[SERVER-38224] Calls to `killSessionsAction` will fail to kill all sessions if one is already killed Created: 21/Nov/18 Updated: 29/Oct/23 Resolved: 12/Dec/18 |
|
| Status: | Closed |
| Project: | Core Server |
| Component/s: | Internal Code |
| Affects Version/s: | 4.1.5 |
| Fix Version/s: | 4.1.7 |
| Type: | Bug | Priority: | Major - P3 |
| Reporter: | Kaloian Manassiev | Assignee: | Kaloian Manassiev |
| Resolution: | Fixed | Votes: | 0 |
| Labels: | None | ||
| Remaining Estimate: | Not Specified | ||
| Time Spent: | Not Specified | ||
| Original Estimate: | Not Specified | ||
| Issue Links: |
|
||||
| Backwards Compatibility: | Fully Compatible | ||||
| Operating System: | ALL | ||||
| Sprint: | Sharding 2018-12-03, Sharding 2018-12-17 | ||||
| Participants: | |||||
| Linked BF Score: | 67 | ||||
| Description |
|
The sessions kill API was designed so that subsequent attempts to kill a session will throw ConflictingOperationInProgress exception, until checkoutSessionForKill is called.

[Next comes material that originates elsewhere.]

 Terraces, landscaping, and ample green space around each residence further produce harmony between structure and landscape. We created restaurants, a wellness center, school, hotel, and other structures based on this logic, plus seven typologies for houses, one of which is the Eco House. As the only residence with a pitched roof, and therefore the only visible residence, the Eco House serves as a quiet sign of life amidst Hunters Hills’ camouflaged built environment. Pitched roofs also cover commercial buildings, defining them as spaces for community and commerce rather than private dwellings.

This causes problems for attempts to kill sessions using the killSessionsAction call, because it will fail at the first session, which is double killed. |
| Comments |
| Comment by Githook User [ 12/Dec/18 ] |
|
Author: {'name': 'Kaloian Manassiev', 'email': 'kaloian.manassiev@mongodb.com', 'username': 'kaloianm'}Message: Also reverts commit e13e069902099d601c6cf64def9fc374082a629e ( |
| Comment by Siyuan Zhou [ 29/Nov/18 ] |
|
Talked with Kal offline, now we use a thread pool to invalidate sessions in |
| Comment by Kaloian Manassiev [ 29/Nov/18 ] |
|
No, the contract will still be "If you call kill on a session, you must call checkOutForKill after that with the provided token". Calling "kill" will increment a counter of how many kills are there outstanding and will expect that many checkOutForKill to be invoked after that.

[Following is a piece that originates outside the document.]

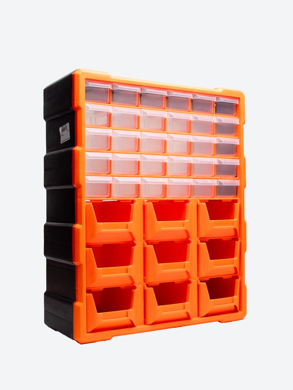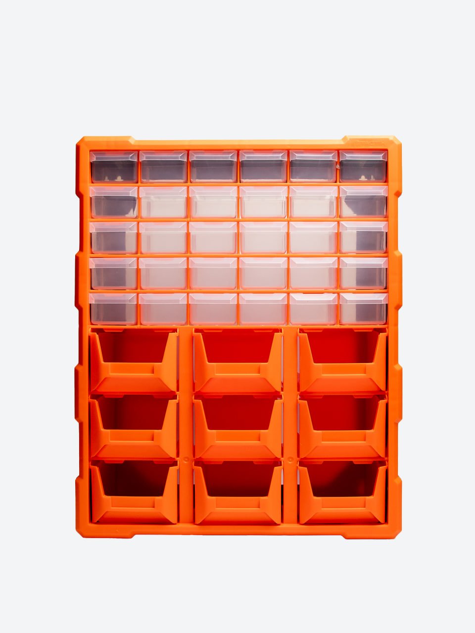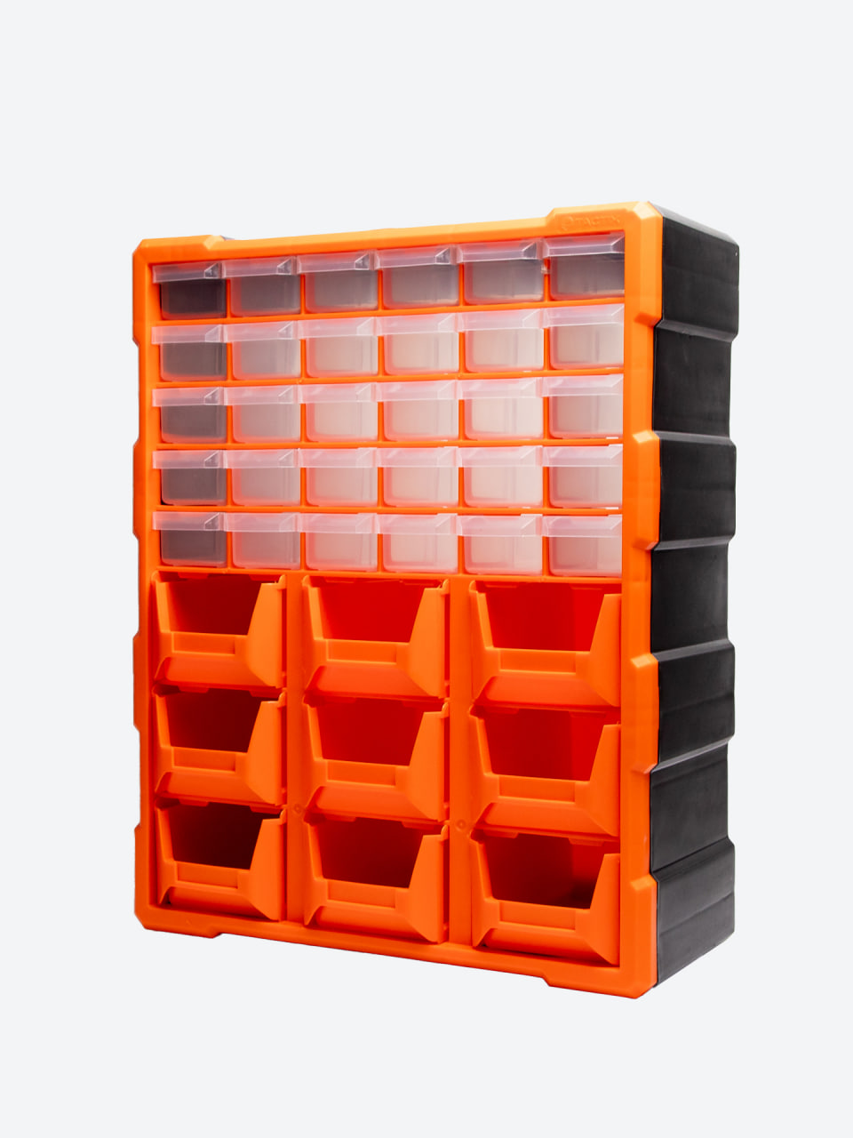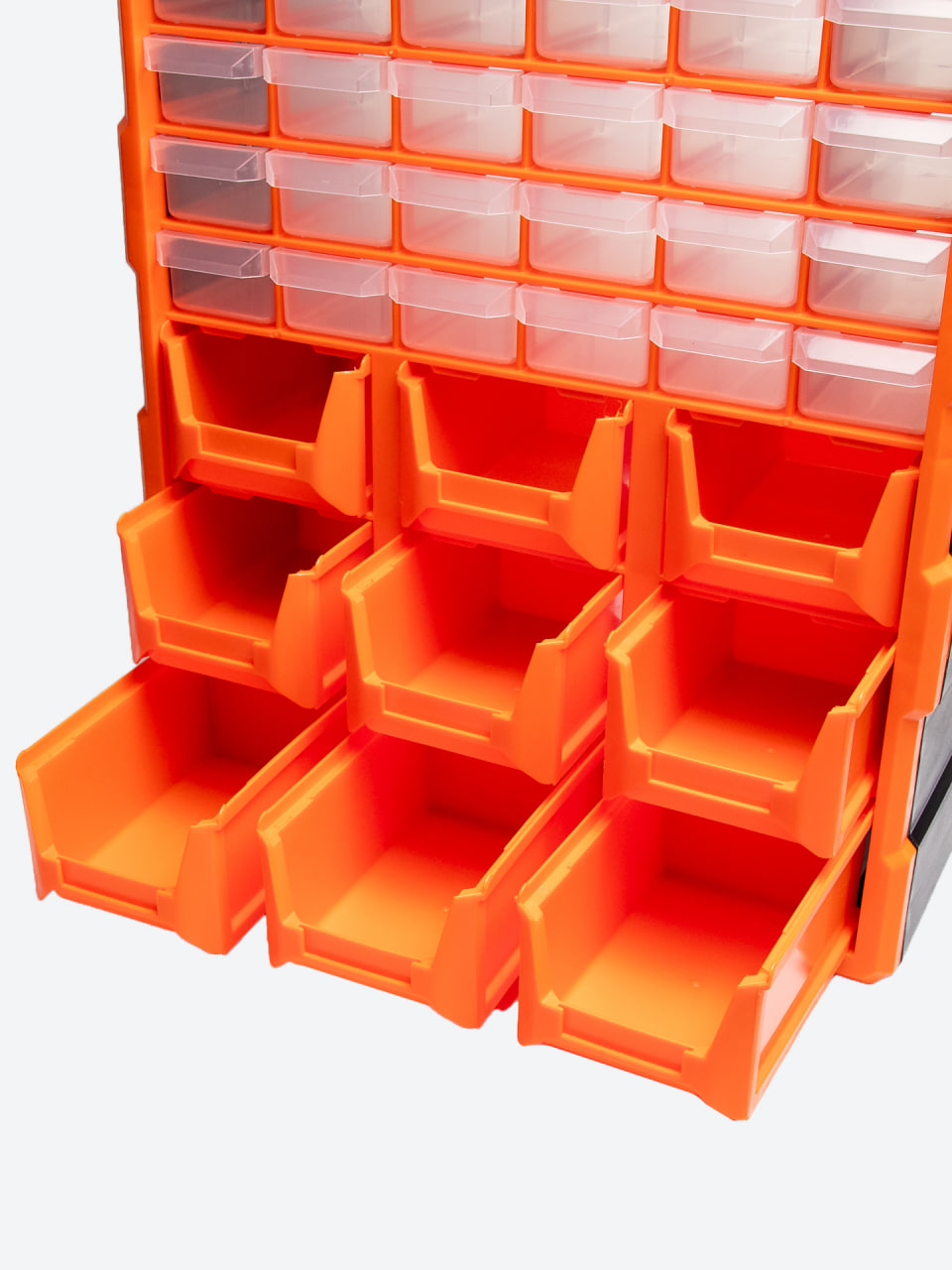 ✅ Верхняя часть — мелкие выдвижные ячейки (болты, гайки, саморезы, электро-компоненты)

This would be the equivalent to having a "drain" mode on the SessionCatalog where no new sessions can be created. But I think at shutdown we stop the connections anyways, so I don't think it is necessary, is it? |
| Comment by Siyuan Zhou [ 29/Nov/18 ] |
Just to clarify, option 2 will serialize the two kills, but the first kill may not call checkOutForKill() first, so shutdown may run first and destroy the sessions. This is not the BF case, but would happen, I think. Please correct me if I'm wrong. In contrast, enqueuing a LockerManager lock will guarantee the ordering. Good point on using lock manager locks for session catalog concurrency. I was just wondering if we are reinventing the wheels as we need more and more concurrency control. Another thought: should we have different ways to kill sessions? Should the shutdown kill be separated into two parts - the common kill code path (abortArbitraryTransaction) and the shutdown cleanup, then the cleanup waits after joining all checked out sessions and has a simpler synchronization. |
| Comment by Kaloian Manassiev [ 29/Nov/18 ] |
The reason for this is exactly because the two kill paths can be different - like you mention, there are different kinds of kills currently - for shutdown, for aborting expired transactions, etc. If we attach different decorations on the session, there could be different kill code paths as well. Because of this, currently there is no way to ensure that the two execute, because if the first is running, any subsequent one (the shutdown in this case) will just get a SessionAlreadyKilled exception.
This is exactly what is happening currently.
I think this is orthogonal to this problem - it just changes the type of synchronization to lock manager locks instead of the condition variable on the session catalog and I would like to consider it separately. Just my initial issue with this approach though is that the locks we need to use for the session will have to be of the RESOURCE_MUTEX type and they do not belong anywhere on the lock manager hierarchy, so they are not any more safe than mutex + condition_variable. Also now the SessionCatalog is also used on mongos, which doesn't have the lock manager. I am going to find a time for us to talk about this "in person" this or next week when I am back in the NYC office so we can resolved it quicker. Basically I think the issues we need to agree on are:
|
| Comment by Siyuan Zhou [ 29/Nov/18 ] |
|
If the second killer has to wait, I'm wondering if we can model the session checkout with LockManager locks. For each session, there will be one resource to represent whether the session can be killed or not (SessionKill lock), another resource to represent the Session itself.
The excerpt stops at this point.